They’re not so bad, at least the ones with fewer bars.

Recently, Mikefc/coolbutuseless tweeted about a cool new package of his called ggpattern. There’s an example here of flags inside bars, let’s see if we can get cars in bars.

library(ggpattern)
mt4 <- mt3 %>%
  mutate(images = strex::str_after_first(images, "'") %>%
           strex::str_before_first("-annotated"),
         images = glue("{images}.jpg"))

ggplot(mt4 %>% filter(region == "Germany"),
       aes(x = fct_reorder(model, mpg), y = mpg)) +
  geom_bar_pattern(stat = "identity",
    aes(
      pattern_filename = fct_reorder(model, mpg)
    ),
    pattern         = 'image',
    pattern_type    = 'none',
    fill            = 'grey80',
    colour          = 'grey66',
    pattern_scale   = -1,
    pattern_filter  = 'point',
    pattern_gravity = 'east'
  ) +
  theme_minimal() + labs(x = NULL, y = "Miles per Gallon") +
  theme(legend.position = 'none') +
  scale_pattern_filename_discrete(choices = mt4 %>%
                                     filter(region == "Germany") %>%
                                     arrange(mpg) %>%
                                     pull(images)) +
  coord_flip()

ggplot(mt4 %>% filter(region == "US"),
       aes(x = fct_reorder(model, mpg), y = mpg)) +
  geom_bar_pattern(stat = "identity",
    aes(
      pattern_filename = fct_reorder(model, mpg)
    ),
    pattern         = 'image',
    pattern_type    = 'none',
    fill            = 'grey80',
    colour          = 'grey66',
    pattern_scale   = -1,
    pattern_filter  = 'point',
    pattern_gravity = 'east'
  ) +
  theme_minimal() + labs(x = NULL, y = "Miles per Gallon") +
  theme(legend.position = 'none') +
  scale_pattern_filename_discrete(choices = mt4 %>%
                                    filter(region == "US") %>%
                                    arrange(mpg) %>%
                                    pull(images)) +
  coord_flip()

ggplot(mt4 %>% filter(region == "Europe"),
       aes(x = fct_reorder(model, mpg), y = mpg)) +
  geom_bar_pattern(stat = "identity",
    aes(
      pattern_filename = fct_reorder(model, mpg)
    ),
    pattern         = 'image',
    pattern_type    = 'none',
    fill            = 'grey80',
    colour          = 'grey66',
    pattern_scale   = -1,
    pattern_filter  = 'point',
    pattern_gravity = 'east'
  ) +
  theme_minimal() + labs(x = NULL, y = "Miles per Gallon") +
  theme(legend.position = 'none') +
  scale_pattern_filename_discrete(choices = mt4 %>%
                                    filter(region == "Europe") %>%
                                    arrange(mpg) %>%
                                    pull(images)) +
  coord_flip()

ggplot(mt4 %>% filter(region == "Asia"),
       aes(x = fct_reorder(model, mpg), y = mpg)) +
  geom_bar_pattern(stat = "identity",
    aes(
      pattern_filename = fct_reorder(model, mpg)
    ),
    pattern         = 'image',
    pattern_type    = 'none',
    fill            = 'grey80',
    colour          = 'grey66',
    pattern_scale   = -1,
    pattern_filter  = 'point',
    pattern_gravity = 'east'
  ) +
  theme_minimal() + labs(x = NULL, y = "Miles per Gallon") +
  theme(legend.position = 'none') +
  scale_pattern_filename_discrete(choices = mt4 %>%
                                    filter(region == "Asia") %>%
                                    arrange(mpg) %>%
                                    pull(images)) +
  coord_flip()

Not so bad, again with the ones with fewer bars.
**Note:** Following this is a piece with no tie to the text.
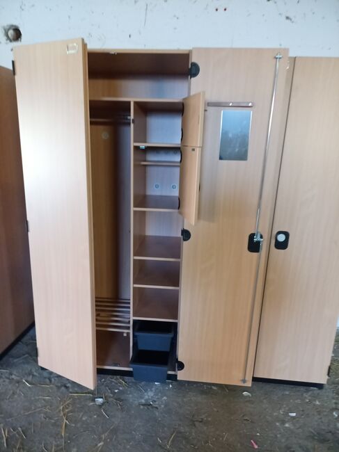 2 beech-colored army lockers 95x60x200 - Beech-colored saddle lockers federal army lockers 96x60x200 Complete with all accessories Partly still foil on mirror Look like new Metal horse included free of charge to beautify the cabinet Self collection

In Mike’s example, he puts the flags at the end of the bars. let’s do that:

ggplot(mt4 %>% filter(region == "Asia"),
       aes(x = fct_reorder(model, mpg), y = mpg)) +
  geom_bar_pattern(stat = "identity",
    aes(
      pattern_filename = fct_reorder(model, mpg)
    ),
    pattern         = 'image',
    pattern_type    = 'none',
    fill            = 'grey80',
    colour          = 'grey66',
    pattern_scale   = -2,
    pattern_filter  = 'point',
    pattern_gravity = 'east'
  ) +
  theme_minimal() + labs(x = NULL, y = "Miles per Gallon") +
  theme(legend.position = 'none') +
  scale_pattern_filename_discrete(choices = mt4 %>%
                                    filter(region == "Asia") %>%
                                    arrange(mpg) %>%
                                    pull(images)) +
  coord_flip()

Image deteriorates in quality but prob a better plot overall. We could also use the images as geoms themselves with the ggimage package:

library(ggimage)
ggplot(mt4, aes(x = wt, y = mpg)) +
  geom_image(aes(image = images), size = 0.1) +
  geom_label(aes(label = model), size = 2.5, nudge_y = -0.75) +
  theme_minimal()

…or maybe not.

Like I said above, some of these cars are gorgeous, could be nice to see them in a little Shiny app or something.

Update: Turns out Mara Averick, @dataandme on Twitter, posted pics of these cars back in 2018! Many are even the same photos. Nice to see I’m not the only one who wondered what they look like!